U.S. Defense Secretary Lloyd Austin has ordered a review of intelligence access, accountability, and control procedures. As has happened after previous revelations, more cyber defenses will be deployed, and the number of people who can receive classified intelligence will be tightened even further under more stringent protocols.

There is another related, important, question arising from the Discord leaks that needs to be addressed by U.S. intelligence agencies. Why does so much publicly available information, and inference easily reached from open-source materials, need to be classified as secret — let alone top-secret? Focusing on classifying only the much smaller, truly important, covertly obtained data sets, and analyses derived from those information caches, will make U.S. secrets easier to secure from spies, leakers, hackers, and other bad actors.
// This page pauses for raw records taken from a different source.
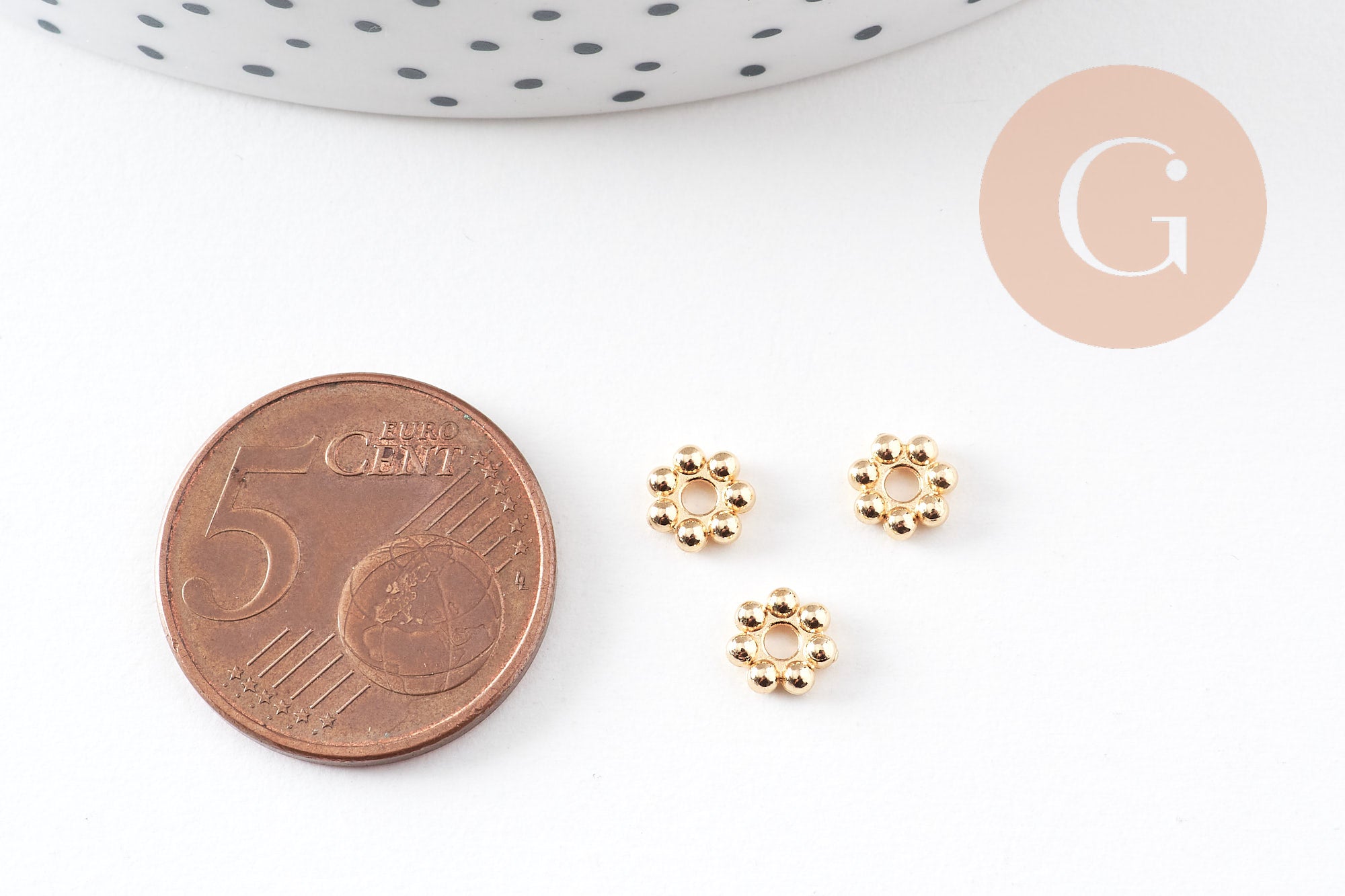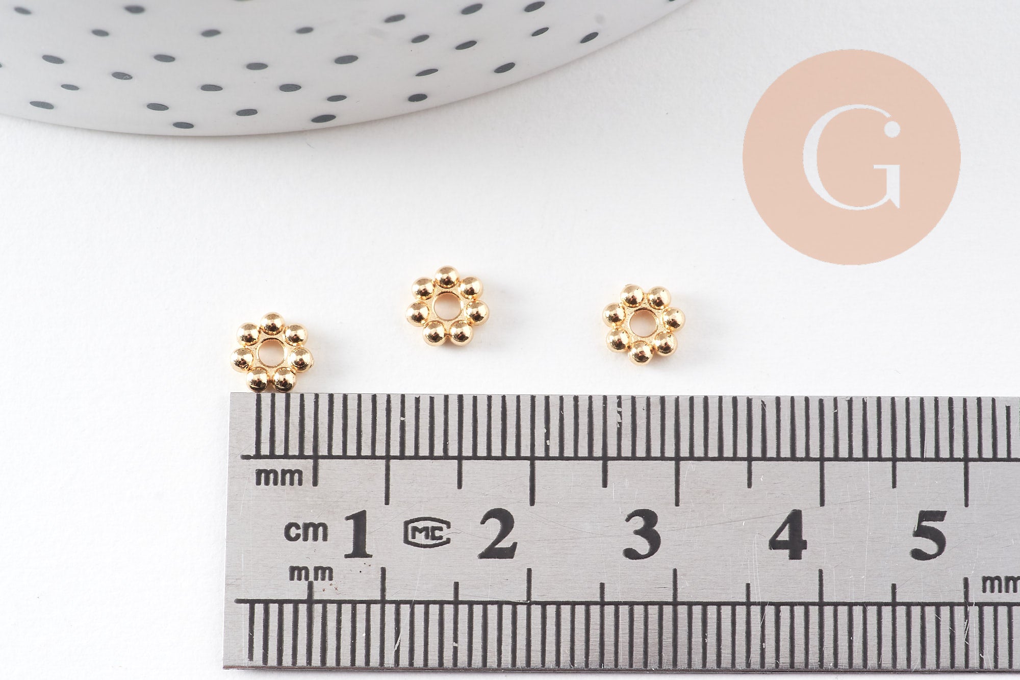 10 cuentas espaciadoras de acero inoxidable 304 válidas con forma de flor, chapadas en oro de 18 quilates, 6 mm
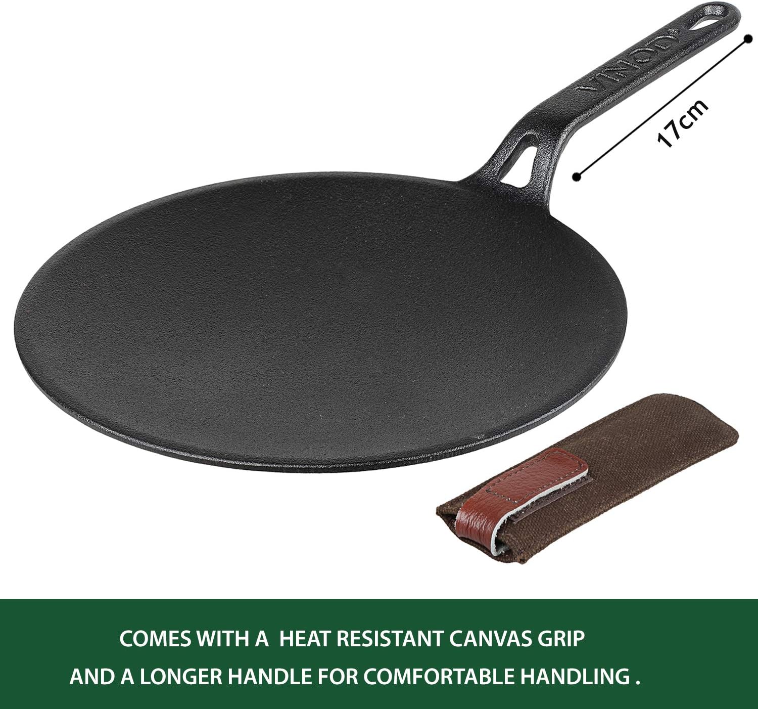 Vinod Legacy Pre Seasoned Cast Iron Flat Roti Tawa with Handle - 28 cm/Chapati, Dosa, Naan, Omlette Kallu Tava / 100% Pure Naturally Non Stick/Toxin & Rust Free/Gas Base
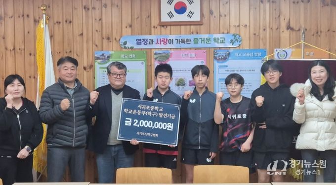 [경기뉴스원/경기뉴스1] | 제주도교육청 서귀포중학교는 15일 서귀포시탁구협회로부터 학교 탁구부 발전을 위한 기탁금 200만 원을 전달받았다고 밝혔다.
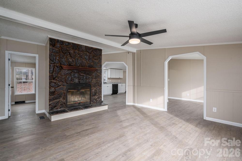 Welcome to a HUGE totally remodeled home with a large backyard ready for its new family! The home gives a warm and cozy yet clean feel with the warm paint colors, luxury vinyl plank flooring paired with the dark rock fireplace. The home is listed as a 3 bedroom home due to septic records however the home actually came from the factory with 4 bedrooms and an additional flex space for an office or 5th bedroom. 3 full bathrooms including one jack and jill make for ample room for everyone to get ready at once! Additional rooms include huge eat in kitchen, formal dining room or den, living room and laundry room. Also to note are a brand new roof and 3 brand new decks as the house has 3 entrances. One large deck out back, a front entrance and a side entrance. The spacious kitchen has brand new white shaker cabinets just as the 3 bathroom do. Appliances include microwave, dishwasher, electric range and as a Christmas bonus the washer and dryer are included as well! All kitchen appliances are brand new, washer dryer are approx 3 years old. Ready to have some more space or a home that has been has been remodeled all at an affordable price? Look no further! Make your appointment today! Right across the Lincoln County line in Gaston County.
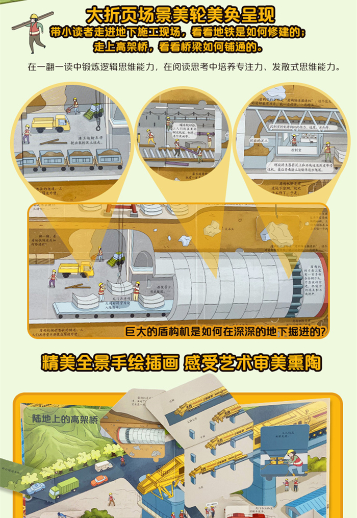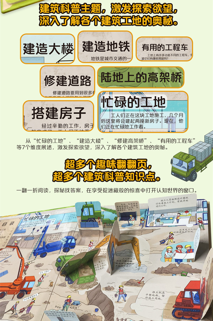 忙碌的工地上,各种建筑机械隆隆的轰鸣着,各种巨型的设备,还有各种神秘的施工过程,令无数的孩子为之着迷。本书就是为了满足好奇的孩子精心制作而成,通过忙碌的工地、搭建房子、建造大楼、修建道路、建造地铁,以及有用的工程车等多个角度,全面展示了各种建筑工地的全景。本书通过翻翻页的有趣形式,充满童趣的画风,知识丰富,生动幽默,带领小读者踏上揭秘探索之旅。
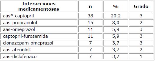En el caso de la relevancia clínica de las interacciones, los resultados obtenidos coinciden con los de Silva,35Okuno,36 y colaboradores, quienes encuentran mayor frecuencia de IM de grado II, aunque también estudian el uso de medicamentos en pacientes hospitalizados. Cabe destacar que la mayoría de las interacciones encontradas en este estudio estaban asociadas al ácido acetilsalicílico y a medicamentos antihipertensivos, que puede traer como consecuencia la reducción del efecto antihipertensivo.16 La alta frecuencia de uso de ácido acetilsalicílico, cuya utilización debería tener un seguimiento desde las políticas de uso racional y los programas de farmacovigilancia, pues, este es un medicamento de venta libre, que es utilizado en la prevención primaria y secundaria de Infarto agudo de miocardio, aun cuando la evidencia señala que los beneficios solo son menores que los riesgos de reacciones adversas y el alto potencial de IM en el caso de la prevención secundaria.37
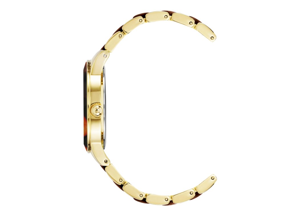 Model má dvojfarebný kovový ťah v kombinácii zlatej a tmavofialovej farbyktorá sa hodí kokrúhle zlaté puzdro a fialový ciferník. Kryštáliky na pozíciách indexu dodávajú hodinkám charakter šperku,minerálne sklo chráni ciferník pred poškriabaním a solárny kremenný stroj sa nabíja prirodzeným alebo umelým svetlom. Ideálna voľba pre ženy, ktoré hľadajú štýlový doplnok s ekologickým nádychom a výraznou osobnosťou.
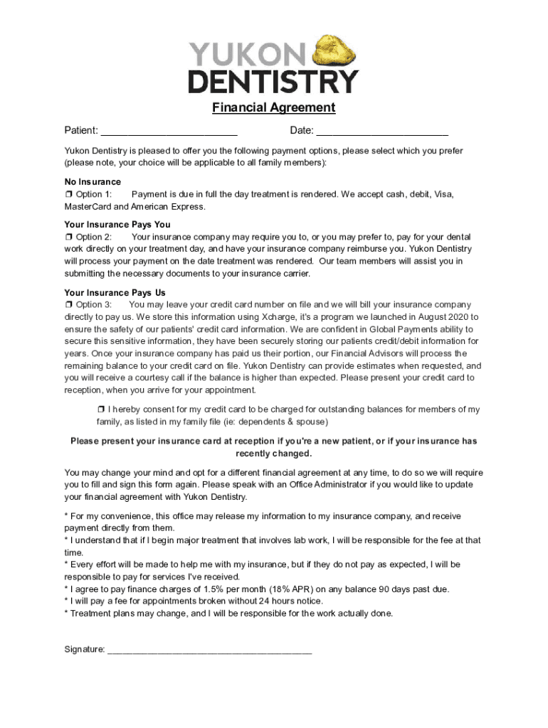 Financial Agreement Patient: Date: Yukon Dentistry is pleased to offer you the following payment options, please select which you prefer (please note, your choice will be applicable to all family
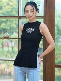 DAZY Embroidery Split Hem Tank Top
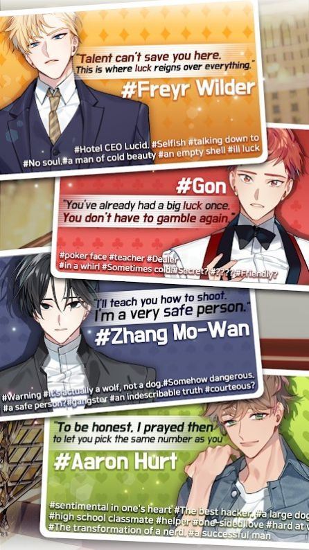 2、玩家在游戏中能够选择4位男神可以与自己互动,感受甜蜜浪漫的爱情。
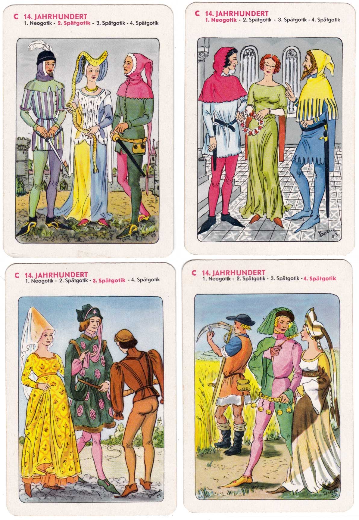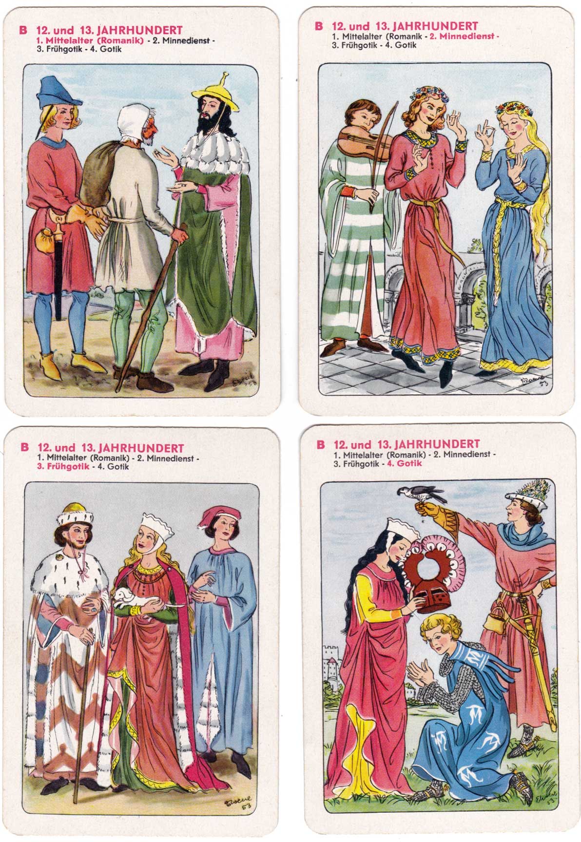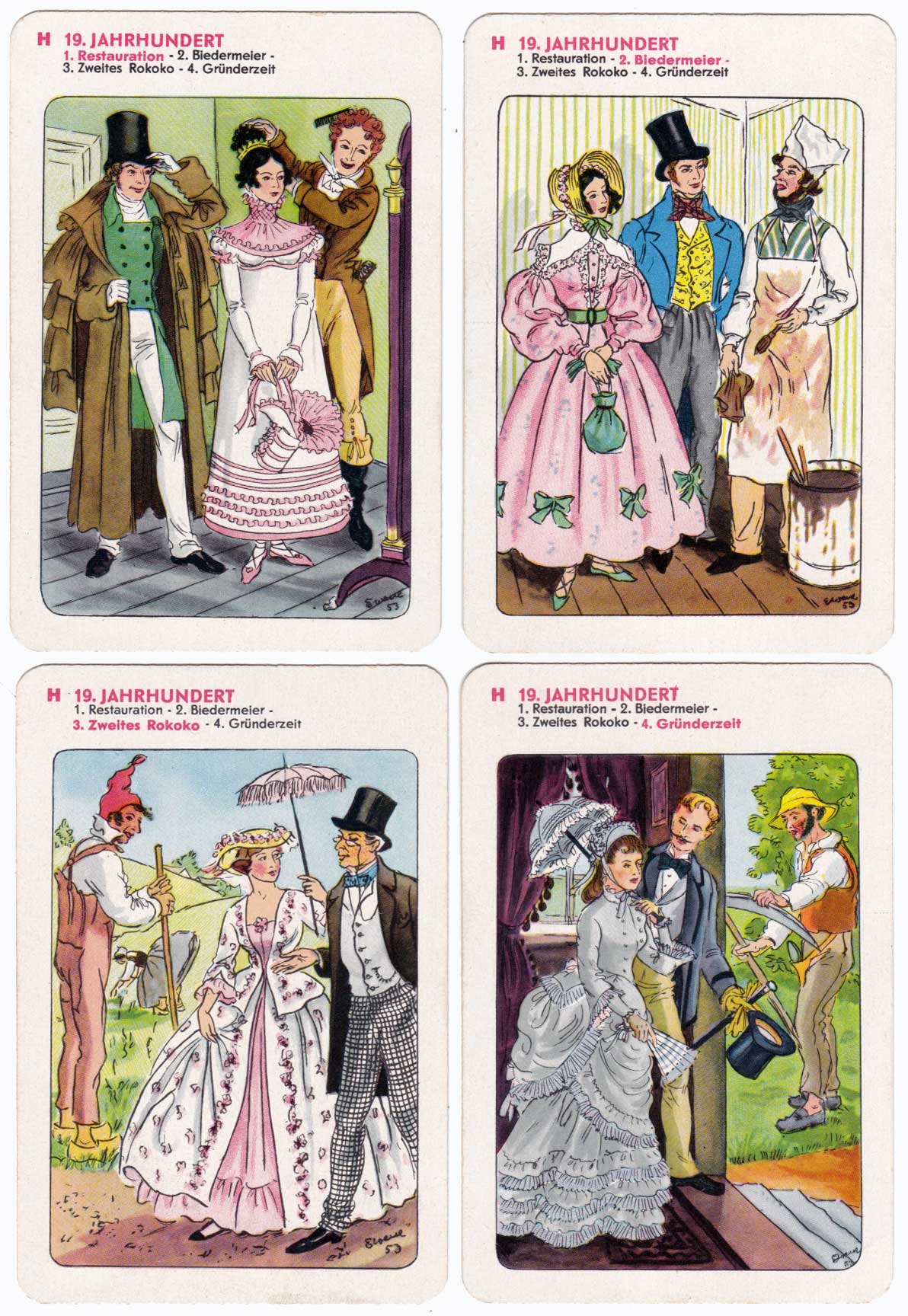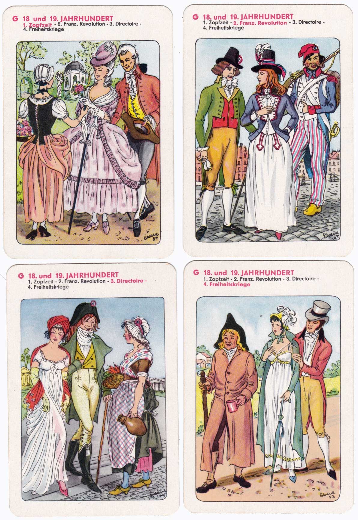 History of fashion educational quartet game showing European clothing through the ages, designed by Erika Werner-Nestler, published by Rudolf Forkel, Pössneck, 1954.
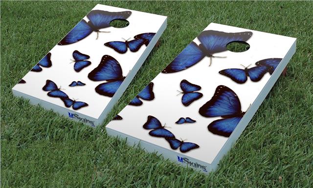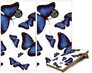 Cornhole Game Board Vinyl Skin Wrap Kit - Premium Laminated - Butterflies Blue fits 24x48 game boards (GAMEBOARDS NOT INCLUDED)
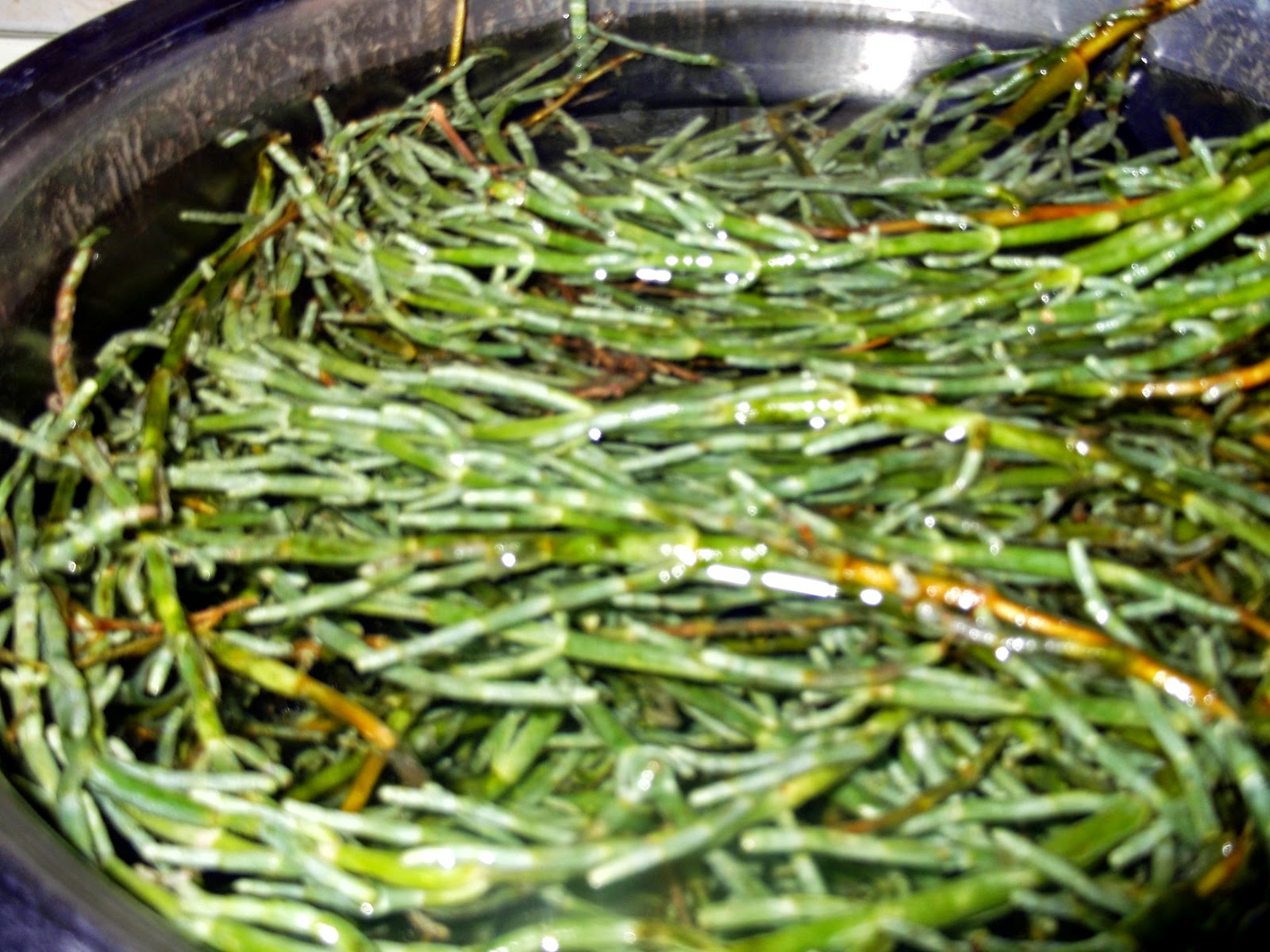 Bu kadar açıklamadan sonra tarifime geçmek istiyorum. Her zaman ki gibi, yine Fethiye köy pazarından aldığım, deniz börülcesini, bol su ile haşladım. Tuz fazla koymayın, yeterince kendi tuz barındırıyor.İçindeki sert dalları sıyırıp, yeşil kısımlarını ayıkladım. Ayıklaması çok kolay , sap kısımlarını sıkıca elinizde tutup ,yeşil kısımlarını sıyırın.İki şekilde sos hazırlayabilirsiniz. :
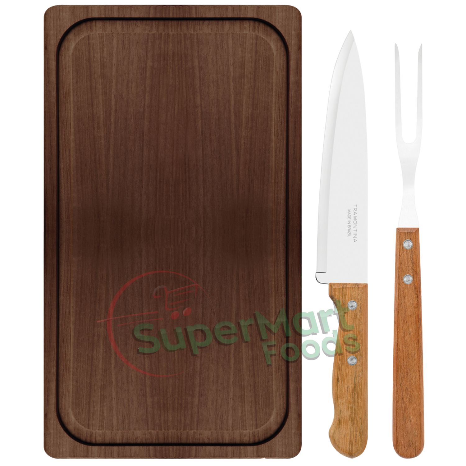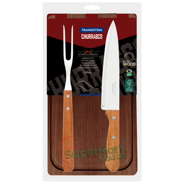 トラモンティーナ 3ピース バーベキューセット: ステンレススチールナイフ 1本 / ステンレススチールフォーク 1本 / 木製カッティングボード 1枚

Yet government employees and contract personnel involved in the handling of top secret information would still number in the thousands. Thus, even with a zero trust approach, future leaks may be unavoidable. Whether those disclosures, like the current one, damage American capabilities, merely generate foreign policy discomfort, or can be exploited to place rivals at a disadvantage, will depend not only on the information revealed, but on how efficiently, and even covertly, responses occur.

Carol E. B. Choksy is Senior Lecturer of Strategic Intelligence in the Luddy School of Informatics, Computing and Engineering at Indiana University. Jamsheed K. Choksy is Distinguished Professor and Director of the Inner Asian and Uralic National Resource Center in the Hamilton Lugar School of Global and International Studies at Indiana University. The views expressed are the authors' own.